Opinión | Más allá del eco-postureo: por qué la sostenibilidad se ha quedado corta
Jordi Van Oostenryck, Director de Marketing de Underwater Gardens International.
Jordi Van Oostenryck, Director de Marketing de Underwater Gardens
21 enero 2026 12:04
Hoy en día, cualquier decisión de compra, desde la alimentación hasta la energía, implica enfrentarse a una saturación de superlativos ecológicos. Términos como «bio», «neutro» o «verde» han inundado el discurso corporativo hasta generar una paradoja inevitable: la de la irrelevancia por repetición. Cuando la etiqueta de sostenibilidad se convierte en un estándar omnipresente, corre el riesgo de vaciarse de significado. Si todo se presenta como verde, la distinción desaparece.
Esta saturación no es casualidad. En los últimos años, la presión social y regulatoria ha obligado a las empresas a acelerar su transformación en materia de sostenibilidad. Pero en esa dinámica, el mundo corporativo ha generado una verdadera «sopa de letras» terminológica que, paradójicamente, está minando la confianza del ciudadano.
Hemos dedicado excesivos recursos a pulir la narrativa estética, descuidando a menudo la implementación de acciones profundas que vayan más allá de la sostenibilidad básica para crear un impacto positivo real. Esta disonancia entre la promesa y la realidad ha provocado una fatiga en el consumidor, generando un clima donde incluso las propuestas honestas son recibidas hoy con dudas razonables.
Además, a esta confusión terminológica se suma un error aún mayor: el abuso del catastrofismo. Durante años, el mensaje predominante ha sido el del miedo y la culpa, generando una suerte de »fatiga apocalíptica». Cuando a los problemas cotidianos que ya asfixian al ciudadano —la economía doméstica, el empleo, la incertidumbre— le sumamos la narrativa constante del fin del mundo, el cerebro humano no reacciona con acción, sino con bloqueo. La gente no desconecta porque no le importe el planeta, sino por pura supervivencia emocional.
Es urgente salir de este laberinto de etiquetas y parálisis. El primer paso es volver a lo básico, a lo que los expertos llamamos Greendoing: hacer en lugar de parecer. La credibilidad no necesita adjetivos rimbombantes; necesita datos auditables y una transparencia radical.
Sin embargo, y aquí reside el verdadero desafío de nuestra época, ser simplemente «sostenible» ya no es suficiente. El término sostenibilidad implica mantener el status quo, lograr un equilibrio donde no dañamos más al planeta de lo que puede soportar. Es un objetivo loable, pero llega décadas tarde. Hemos sobrepasado tantos límites planetarios que la meta de «no restar» se queda corta.
En este nuevo contexto, donde la innovación empieza a valorarse no solo por su sofisticación tecnológica, sino por su capacidad de generar impacto positivo real, emerge con fuerza un nuevo paradigma: el regenerativo.

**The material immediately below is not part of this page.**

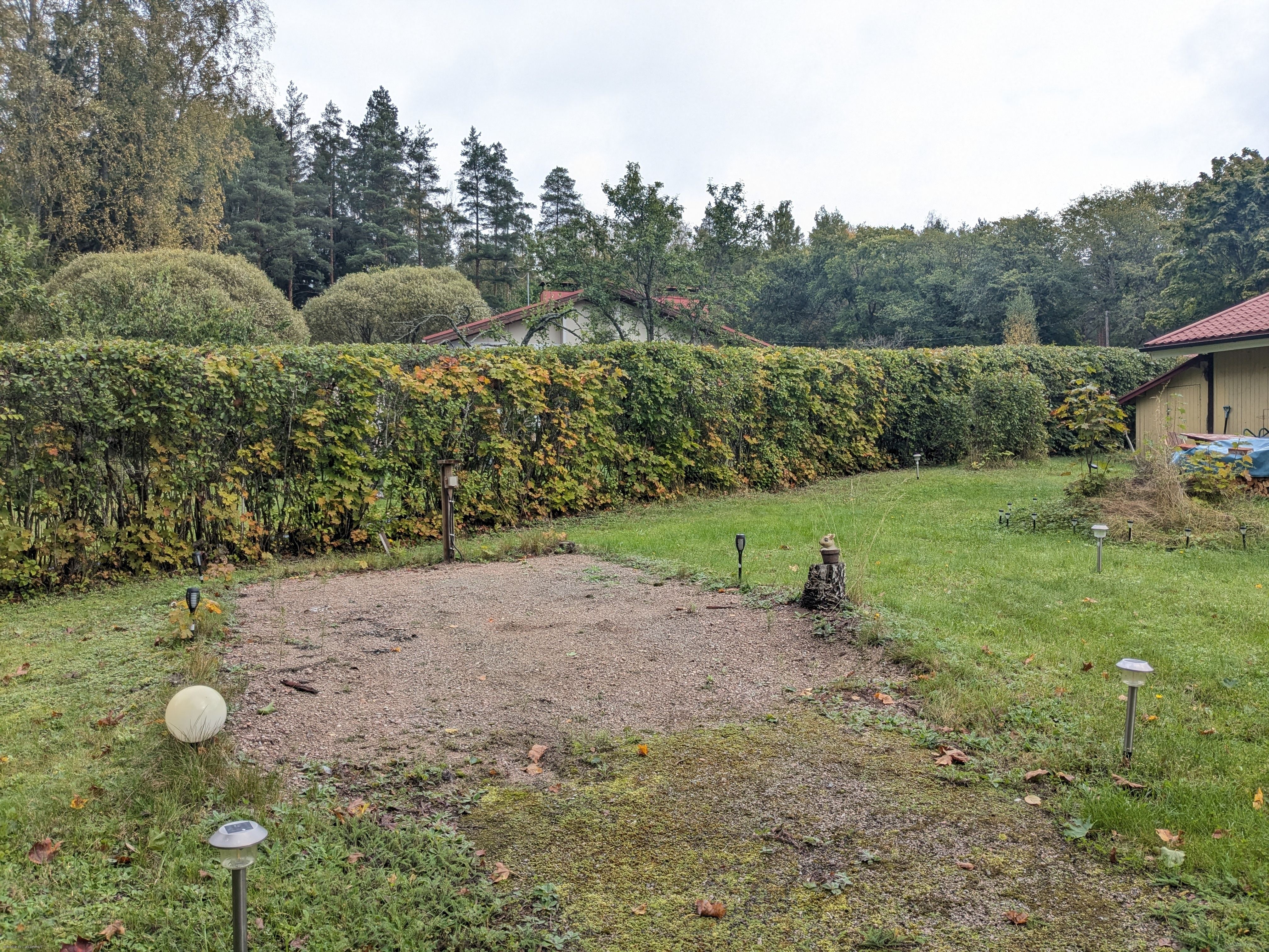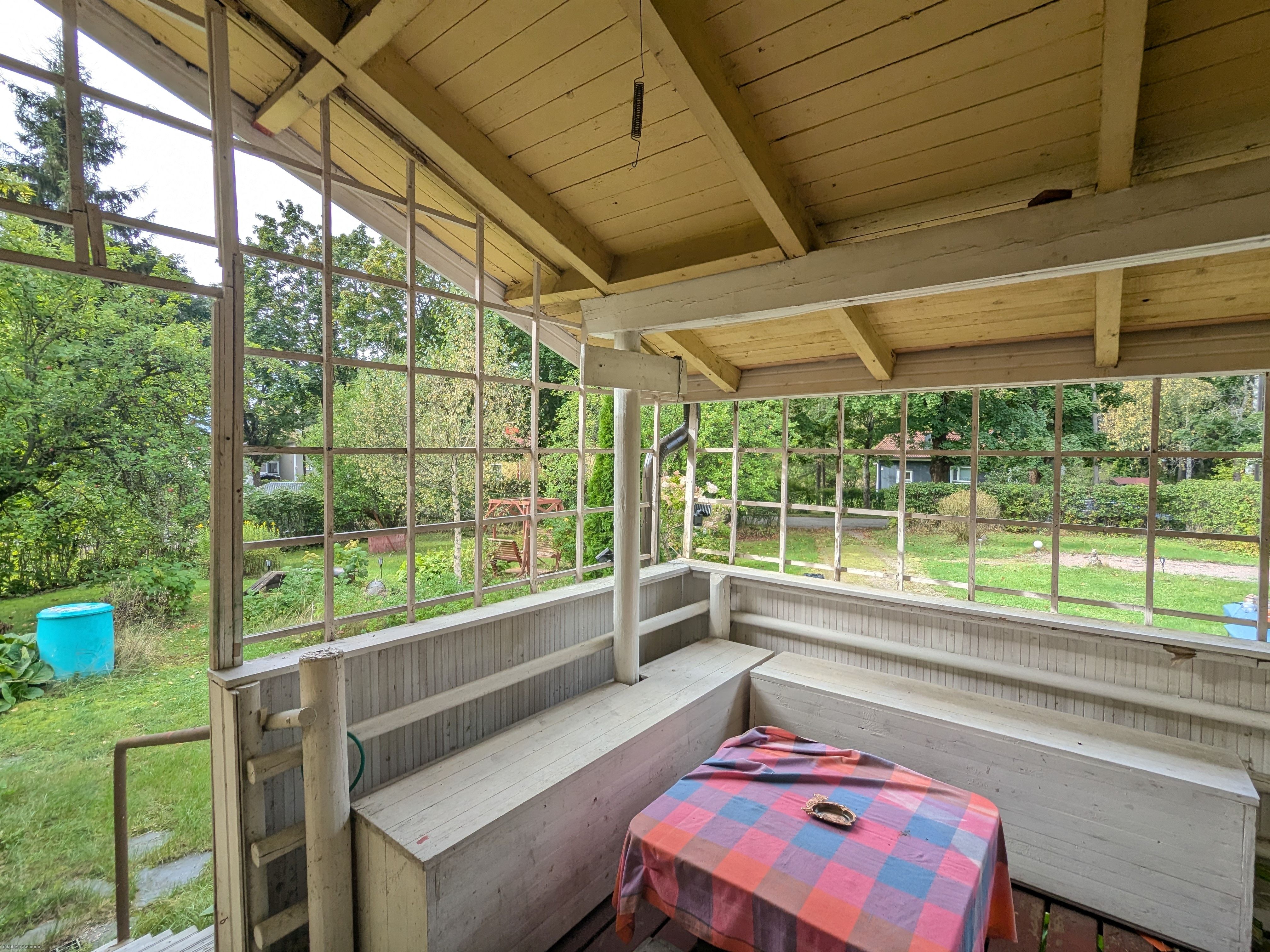 Aurinkoisessa ja suojaisassa pihapiirissä on mm. grillipaikka, useita omenapuita, marjapensaita ja kaunista kasvillisuutta. Sähköpistokkeellinen autopaikka etupihalla. Rakennuksen yhteydessä katettu kuisti.
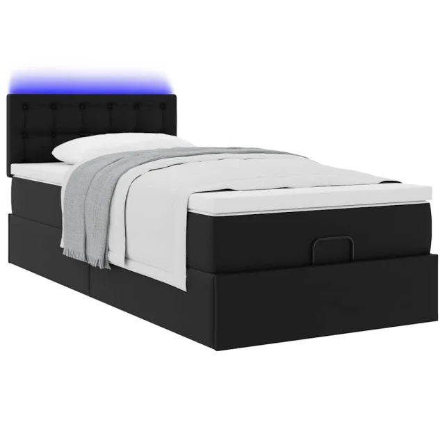 vidaXL Otomanski posteljni okvir z vzmetnico črn 80x200 cm um. usnje

El liderazgo que marcará la próxima década no será el de quienes se conformen con ser neutrales, sino el de quienes asuman la responsabilidad de reparar. La mentalidad regenerativa parte de una premisa incómoda pero honesta: el daño ya está hecho, y nuestra obligación no es solo detenerlo, sino revertirlo. Las organizaciones del futuro no serán las que presuman de equilibrio, sino aquellas capaces de generar un impacto neto positivo.
Hablamos de ir más allá de evitar la tala de un bosque para invertir activamente en su recuperación; o de no limitarse a conservar el océano, sino de trabajar de forma intencionada en la regeneración de los ecosistemas marinos degradados, devolviéndoles complejidad, biodiversidad y vida.
Este cambio de paradigma es profundo. Supone abandonar una lógica centrada en la mitigación del daño para adoptar una cultura de restauración y cuidado. Una transición que exige ciencia, planificación, inversión a largo plazo y una nueva forma de entender la relación entre actividad humana y naturaleza.
Para el ciudadano, este giro es clave. Ha llegado el momento de dejar de buscar la etiqueta verde perfecta y empezar a exigir acción regenerativa real. La pregunta ya no es quién es sostenible, sino quién está dispuesto a reparar. Como sociedad, no podemos permitirnos seguir descifrando la confusa terminología del marketing mientras el planeta reclama una auténtica cirugía reconstructiva. Menos postureo y más regeneración. El futuro depende de ello.